Attribute Information: (classes: edible=e, poisonous=p) 1. cap-shape: bell=b,conical=c,convex=x,flat=f, knobbed=k,sunken=s 2. cap-surface: fibrous=f,grooves=g,scaly=y,smooth=s 3. cap-color: brown=n,buff=b,cinnamon=c,gray=g,green=r, pink=p,purple=u,red=e,white=w,yellow=y 4. bruises?: bruises=t,no=f 5. odor: almond=a,anise=l,creosote=c,fishy=y,foul=f, musty=m,none=n,pungent=p,spicy=s

# Load the data with a library called pandas. Pandas is very cool, and we will be using it a lot.
import pandas as pd
import numpy as np

# We're going to use the display module to embed some outputs
from IPython.display import display

# Read data using Pandas from the UCI data repository.
feature_names = ["poisonous", "cap-shape", "cap-surface", "cap-color", "bruises?", "odor", "gill-attachment", "gill-spacing", "gill-size", "gill-color", "stalk-shape", "stalk-root", "stalk-surface-above-ring", "stalk-surface-below-ring", "stalk-color-above-ring", "stalk-color-below-ring", "veil-type", "veil-color", "ring-number", "ring-type", "spore-print-color", "population", "habitat"]
X = pd.read_csv("https://archive.ics.uci.edu/ml/machine-learning-databases/mushroom/agaricus-lepiota.data", header=0, names=feature_names)
y = X["poisonous"]                      # Select target label
X.drop(['poisonous'], axis=1, inplace=True)   # Remove target label from dataset
display(X.head())                       # Show some data

y = y.map({"e": 0, "p": 1})             # Mapping the classes to zeros and ones, not strictly necessary.
display(y.head())

cap-shapecap-surfacecap-colorbruises?odorgill-attachmentgill-spacinggill-sizegill-colorstalk-shape...stalk-surface-below-ringstalk-color-above-ringstalk-color-below-ringveil-typeveil-colorring-numberring-typespore-print-colorpopulationhabitat
0xsytafcbke...swwpwopnng
1bswtlfcbne...swwpwopnnm
2xywtpfcnne...swwpwopksu
3xsgfnfwbkt...swwpwoenag
4xyytafcbne...swwpwopkng

5 rows × 22 columns

0    0
1    0
2    1
3    0
4    0
Name: poisonous, dtype: int64
# This is the entropy method we defined in the Entropy workshop
def entropy(y):
    probs = [] # Probabilities of each class label
    for c in set(y): # Set gets a unique set of values.
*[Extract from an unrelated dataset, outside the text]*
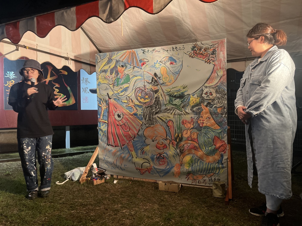 ライブペイント完成。感想を話すすずきらなさんと具緒さん

We're iterating over each value
        num_same_class = sum(y == c)  # Remember that true == 1, so we can sum.
        p = num_same_class / len(y) # Probability of this class label
        probs.append(p)
    return np.sum(-p * np.log2(p) for p in probs)

# What is the entropy of the entire set?
print("Entire set entropy = %.2f" % entropy(y))
Entire set entropy = 1.00
# Let's write some functions that calculates the entropy after splitting on a particular value

def class_probability(feature, y):
    """Calculates the proportional length of each value in the set of instances"""
    # This is doc string, used for documentation
    probs = []
    for value in set(feature):
        select = feature == value # Split by feature value into two classes
        y_new = y[select]         # Those that exist in this class are now in y_new
        probs.append(float(len(y_new))/len(X))  # Convert to float, because ints don't divide well
    return probs

def class_entropy(feature, y):
    """Calculates the entropy for each value in the set of instances"""
    ents = []
    for value in set(feature):
        select = feature == value # Split by feature value into two classes
        y_new = y[select]         # Those that exist in this class are now in y_new
        ents.append(entropy(y_new))
    return ents

def proportionate_class_entropy(feature, y):
    """Calculatates the weighted proportional entropy for a feature when splitting on all values"""
    probs = class_probability(feature, y)
    ents = class_entropy(feature, y)
    return np.sum(np.multiply(probs, ents)) # Information gain equation
# Let's try calculating the entropy after splitting by all the values in "cap-shape"
new_entropy = proportionate_class_entropy(X["cap-shape"], y)
print("Information gain of %.2f" % (entropy(y) - new_entropy))
# Should be an information gain of 0.05
Information gain of 0.05
# Now let's try doing the same when splitting based upon all values of "odor"
new_entropy = proportionate_class_entropy(X["odor"], y)
print("Information gain of %.2f" % (entropy(y) - new_entropy))
# Should be an information gain of 0.91
Information gain of 0.91

Clearly, if we were thinking about looking at individual features, then odor would be a far better prospect than cap-shape.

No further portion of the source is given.